* Data extract *
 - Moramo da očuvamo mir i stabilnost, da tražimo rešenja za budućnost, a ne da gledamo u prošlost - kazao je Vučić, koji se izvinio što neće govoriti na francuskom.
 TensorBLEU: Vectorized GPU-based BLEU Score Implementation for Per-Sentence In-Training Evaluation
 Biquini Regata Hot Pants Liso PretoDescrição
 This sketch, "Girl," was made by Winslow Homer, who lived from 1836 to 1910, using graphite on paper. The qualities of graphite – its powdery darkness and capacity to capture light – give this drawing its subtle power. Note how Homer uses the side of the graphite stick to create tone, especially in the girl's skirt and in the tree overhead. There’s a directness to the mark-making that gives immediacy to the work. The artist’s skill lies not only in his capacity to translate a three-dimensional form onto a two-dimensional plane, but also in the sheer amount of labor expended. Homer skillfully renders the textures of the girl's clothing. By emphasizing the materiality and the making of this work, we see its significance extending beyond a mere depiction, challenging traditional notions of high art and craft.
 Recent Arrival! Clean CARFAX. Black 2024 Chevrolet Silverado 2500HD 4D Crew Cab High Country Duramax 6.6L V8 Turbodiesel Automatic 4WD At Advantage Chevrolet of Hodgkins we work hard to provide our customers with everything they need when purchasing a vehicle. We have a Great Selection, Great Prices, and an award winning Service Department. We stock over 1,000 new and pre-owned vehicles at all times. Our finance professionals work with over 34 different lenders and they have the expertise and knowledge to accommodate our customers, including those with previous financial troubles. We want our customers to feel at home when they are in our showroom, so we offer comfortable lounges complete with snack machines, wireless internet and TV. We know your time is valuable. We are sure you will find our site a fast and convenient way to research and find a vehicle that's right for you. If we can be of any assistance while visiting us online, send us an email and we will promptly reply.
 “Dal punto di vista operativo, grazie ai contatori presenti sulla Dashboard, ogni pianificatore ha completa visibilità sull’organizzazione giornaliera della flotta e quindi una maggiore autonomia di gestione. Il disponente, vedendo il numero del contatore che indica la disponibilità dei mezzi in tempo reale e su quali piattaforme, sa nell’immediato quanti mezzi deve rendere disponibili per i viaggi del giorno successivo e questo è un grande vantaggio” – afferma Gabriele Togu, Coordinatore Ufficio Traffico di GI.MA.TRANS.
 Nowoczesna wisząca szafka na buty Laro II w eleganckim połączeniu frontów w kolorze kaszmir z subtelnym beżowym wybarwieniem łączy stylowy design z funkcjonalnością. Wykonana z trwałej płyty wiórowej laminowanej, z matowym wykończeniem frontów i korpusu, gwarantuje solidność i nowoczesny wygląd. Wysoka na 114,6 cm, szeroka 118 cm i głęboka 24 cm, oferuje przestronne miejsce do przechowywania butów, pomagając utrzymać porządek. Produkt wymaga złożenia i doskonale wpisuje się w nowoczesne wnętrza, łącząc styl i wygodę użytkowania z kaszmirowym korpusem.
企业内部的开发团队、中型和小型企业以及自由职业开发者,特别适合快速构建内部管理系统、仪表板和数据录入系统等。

==

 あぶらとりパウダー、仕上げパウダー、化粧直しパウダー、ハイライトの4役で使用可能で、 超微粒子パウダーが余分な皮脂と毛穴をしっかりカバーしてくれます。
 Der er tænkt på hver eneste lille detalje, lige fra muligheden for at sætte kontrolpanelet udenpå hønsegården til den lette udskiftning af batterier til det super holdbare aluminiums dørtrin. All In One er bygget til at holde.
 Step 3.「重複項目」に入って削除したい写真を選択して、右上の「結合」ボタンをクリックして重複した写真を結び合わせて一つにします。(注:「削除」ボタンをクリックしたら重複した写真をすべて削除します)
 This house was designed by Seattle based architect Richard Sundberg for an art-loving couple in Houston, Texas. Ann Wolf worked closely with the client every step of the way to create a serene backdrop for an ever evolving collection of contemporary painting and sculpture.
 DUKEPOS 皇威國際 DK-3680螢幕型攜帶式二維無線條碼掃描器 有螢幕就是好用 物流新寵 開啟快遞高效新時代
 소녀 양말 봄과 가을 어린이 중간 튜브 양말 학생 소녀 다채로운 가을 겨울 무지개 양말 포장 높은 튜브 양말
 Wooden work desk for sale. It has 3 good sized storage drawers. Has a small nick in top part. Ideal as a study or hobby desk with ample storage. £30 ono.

...

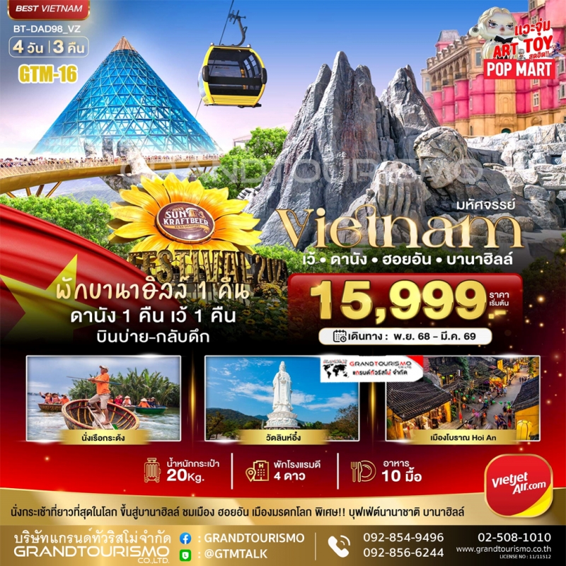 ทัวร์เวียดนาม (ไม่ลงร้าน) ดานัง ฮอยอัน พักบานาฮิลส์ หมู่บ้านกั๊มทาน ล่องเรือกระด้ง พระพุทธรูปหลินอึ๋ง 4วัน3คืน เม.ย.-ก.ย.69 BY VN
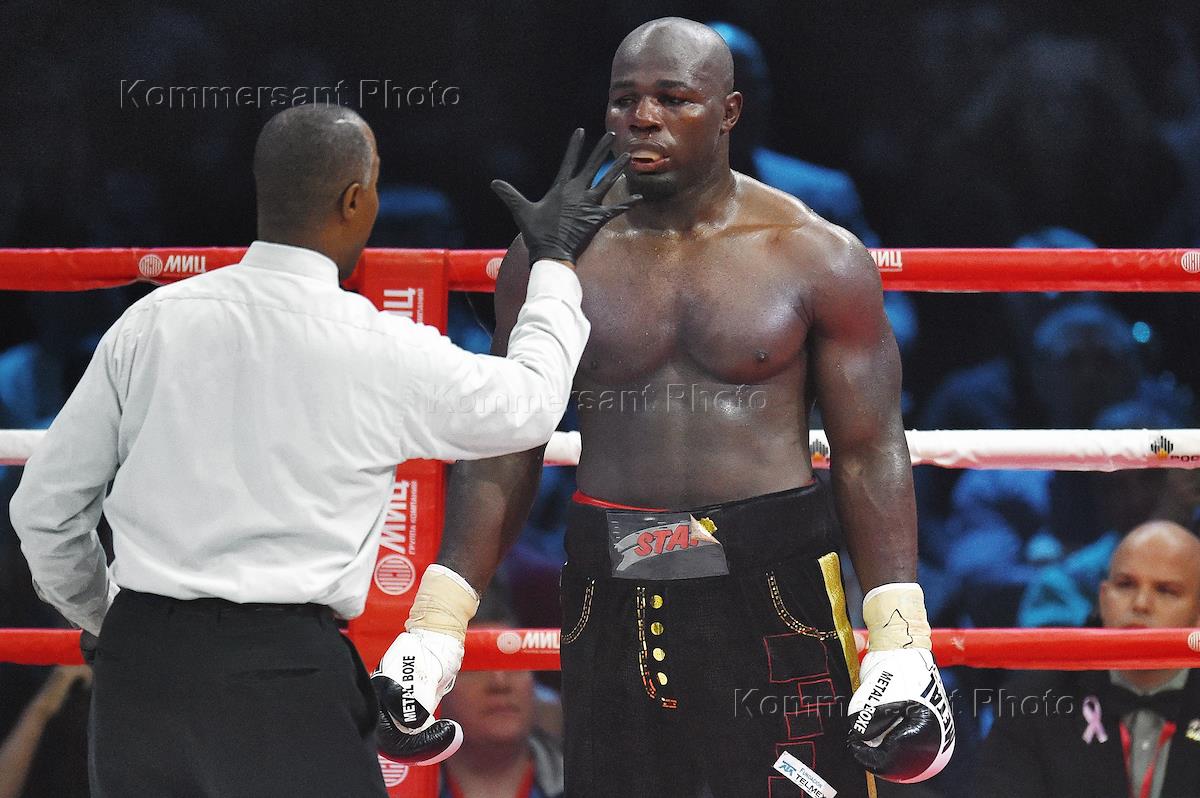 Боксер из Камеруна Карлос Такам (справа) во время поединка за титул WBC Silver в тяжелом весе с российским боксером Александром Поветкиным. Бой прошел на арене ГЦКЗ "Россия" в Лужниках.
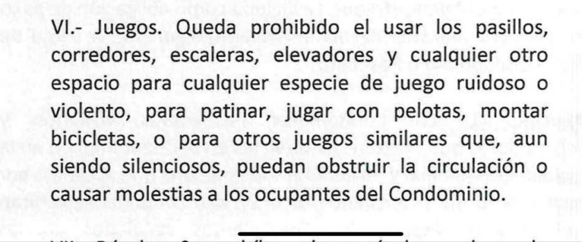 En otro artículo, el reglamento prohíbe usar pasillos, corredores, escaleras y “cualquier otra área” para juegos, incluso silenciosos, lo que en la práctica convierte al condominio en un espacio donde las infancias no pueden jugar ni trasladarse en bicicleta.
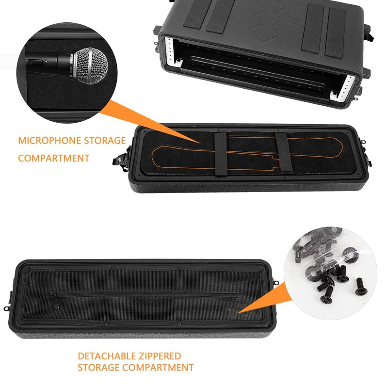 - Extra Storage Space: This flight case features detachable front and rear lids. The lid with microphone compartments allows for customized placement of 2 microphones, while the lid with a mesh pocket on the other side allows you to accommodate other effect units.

* What needs to be done *
After locating the line holding "Der er tænkt" above, output exactly that line and every line after it through the line holding "DUKEPOS 皇威國際 DK-3680螢幕型攜帶式二維無線條碼掃描器". Include nothing else.

* Task answer *
 Der er tænkt på hver eneste lille detalje, lige fra muligheden for at sætte kontrolpanelet udenpå hønsegården til den lette udskiftning af batterier til det super holdbare aluminiums dørtrin. All In One er bygget til at holde.
 Step 3.「重複項目」に入って削除したい写真を選択して、右上の「結合」ボタンをクリックして重複した写真を結び合わせて一つにします。(注:「削除」ボタンをクリックしたら重複した写真をすべて削除します)
 This house was designed by Seattle based architect Richard Sundberg for an art-loving couple in Houston, Texas. Ann Wolf worked closely with the client every step of the way to create a serene backdrop for an ever evolving collection of contemporary painting and sculpture.
 DUKEPOS 皇威國際 DK-3680螢幕型攜帶式二維無線條碼掃描器 有螢幕就是好用 物流新寵 開啟快遞高效新時代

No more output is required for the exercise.